Pudukudy et al. [9] investigated the Ni/SBA-15 catalyst promoted with Pd for the thermo catalytic decomposition of methane into COx-free hydrogen. The catalyst characterization techniques used, indicated that the addition of Pd increased the crystalline of NiO, allowing for the fine dispersion of NiO on the SBA-15 support and increasing the surface area of Ni/SBA-15 catalyst.

The aim of the present study is the preparation and testing of Pd/SBA-15 catalyst regarding ethanol conversion and hydrogen selectivity in ethanol steam reforming process. The purpose of better understanding the performance of Pd/SBA-15 catalyst for steam reforming process, neural networks were applied in the present study.

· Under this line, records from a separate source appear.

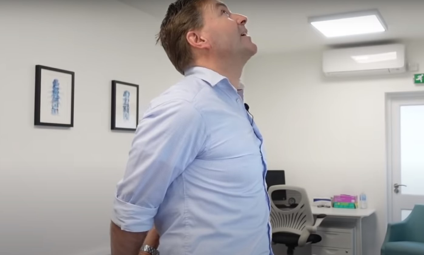 Stań blisko ściany, połóż prawą rękę na ścianie jak najwyżej, odwróć głowę w prawo i pochyl się w bok. Wytrzymaj w tej pozycji około 15 sekund i powtórz ćwiczenie 3 razy na każdą stronę ciała.
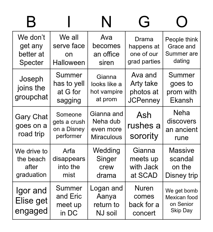 This bingo card has a free space and 24 words: Arfa disappears into the mist, Summer and Eric meet up in DC, Gianna looks like a hot vampire at prom, Igor and Elise get engaged, People think Grace and Summer are dating, We don’t get any better at Specter, Joseph joins the groupchat, We all serve face on Halloween, Ash rushes a sorority, Wedding Singer crew drama, Ava and Arty take photos at JCPenney, Gary Chat goes on a road trip, Gianna meets up with Jack at SCAD, Massive scandal on the Disney trip, Summer has to yell at G for sagging, Nuren comes back for a concert, Neha discovers an ancient rune, Ava becomes an office siren, Summer goes to prom with Ekansh, Someone gets a crush on a Disney performer, We get bomb Mexican food on Senior Skip Day, We drive to the beach after graduation, Drama happens at one of our grad parties and Logan and Aanya return to NJ soil.
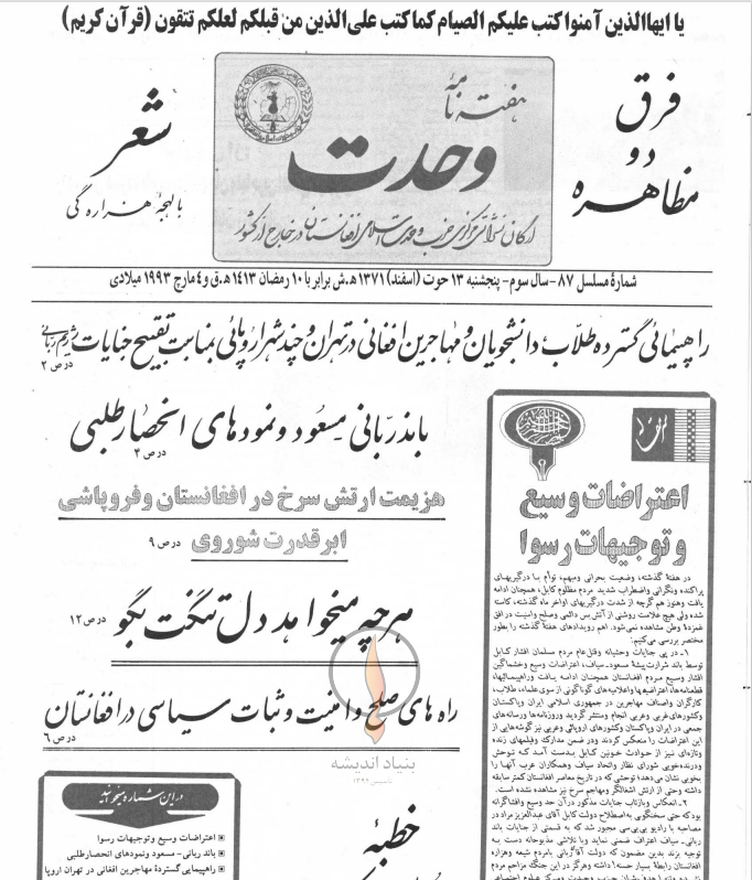 هفته نامه وحدت، جريده سياسي-خبري حزب وحدت اسلامي افغانستان كه در خارج از كشور و در جمهوري اسلامي ايران – شهر مقدس قم- زير نظر كميسيون فرهنگي حزب وحدت اسلامي افغانستان و با مدير مسئولي استاد دانش به نشر مي رسد.
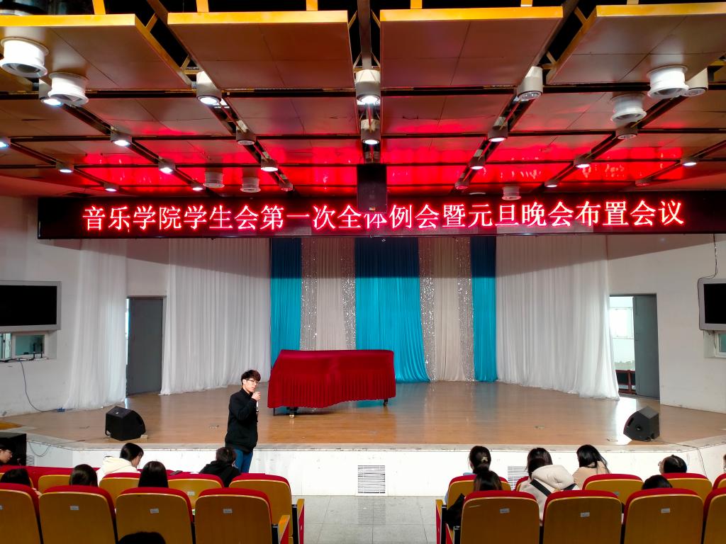 11月12日,音乐学院学生会在音乐厅召开了第一次全体例会暨元旦晚会布置会议。音乐学院分团委副书记莫梦娴,学生会主席邹多欢、谢堃,学生会全体成员以及20、21级各班班长、团支书参加了此次会议,本次会议由邹多欢主持。
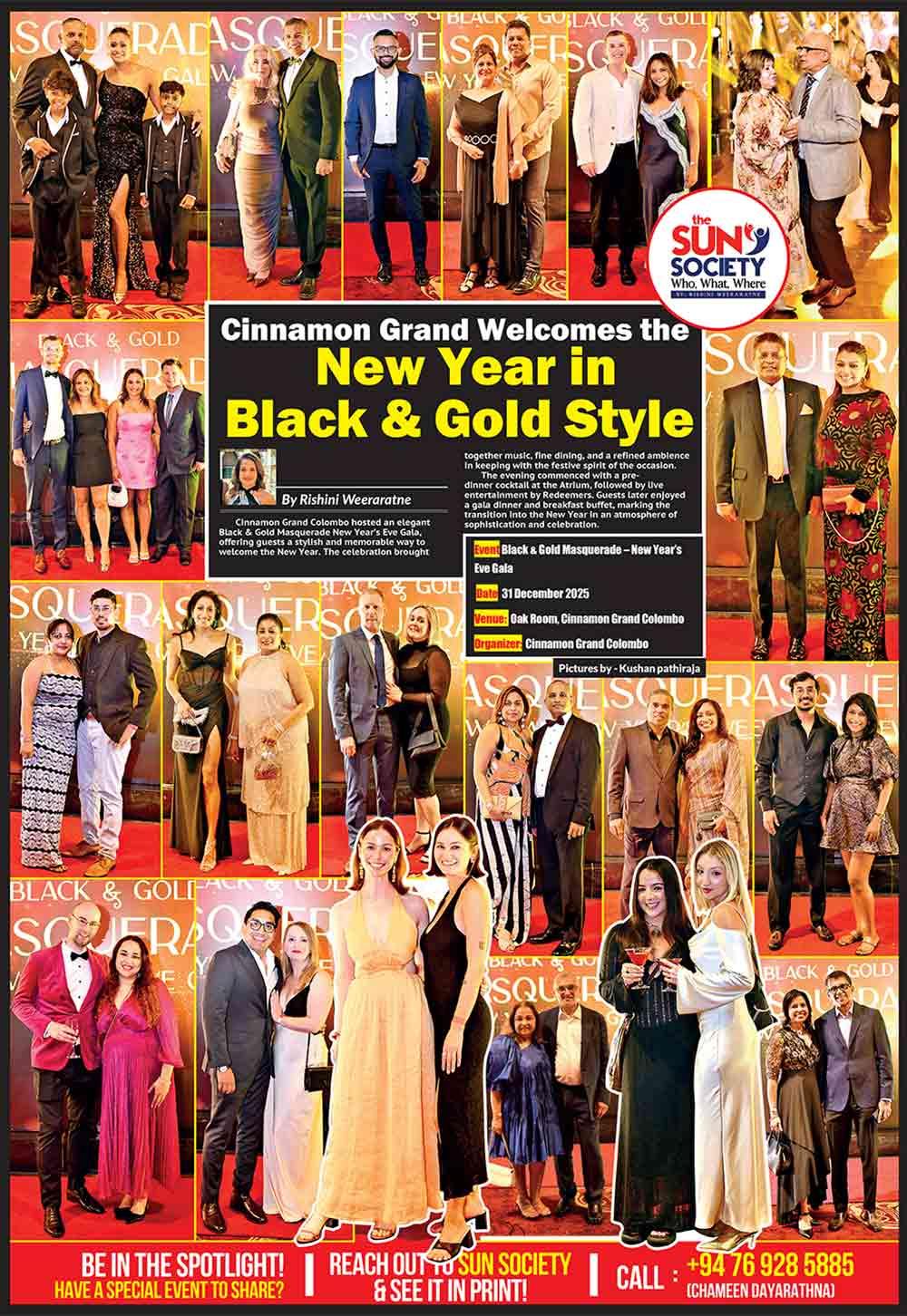 Cinnamon Grand Colombo hosted an elegant Black & Gold Masquerade New Year’s Eve Gala, offering guests a stylish and memorable way to welcome the New Year. The celebration brought together music, fine dining, and a refined ambience in keeping with the festive spirit of the occasion.

A class of estimation methods is based on the flexibility and accuracy of the artificial neural networks (ANN). The neural networks represent a branch of the artificial intelligence, which is accepted as a new computing technology. The principle behind the neural network is to simulate the structure and functioning of the biological neural networks [10].

Umegaki et al. [11] proposed to develop a Cu-based catalyst for steam reforming of methanol using an artificial neural network. The authors applied ANN to improve the performance of the Cu-Pr-Ti catalyst by optimizing the catalyst composition and the preparation conditions.

Omata et al. [12] used artificial neural network in the oxidative reforming of methane, as a kind of function considering that the inputs are physicochemical properties of elements and outputs are catalytic activities.

Song et al. [13] use the artificial neural network to design an optimum catalyst for the production of hydrogen by the reforming of ethanol based on determining the inter-relationship between catalyst-preparation methods, metal loading catalyst characteristics and catalyst performance. Specifically ANN was used to determine the optimum catalyst conditions for obtaining maximum hydrogen production performance of a Ni/Al2O3 catalyst.

Horiguchi et al. [14] optimized K-Ni/Al2O3 catalyst to attain high activity for reforming of methane. The catalyst parameters such as the calcinations temperature of Al2O3 and the amounts of NiO and K loading were designed by a radial basis function network. The results of their work suggests that the combination of radial basis function network and the conventional multivariate analysis can be used to find the optimum conditions of the catalyst preparation for the highest activity.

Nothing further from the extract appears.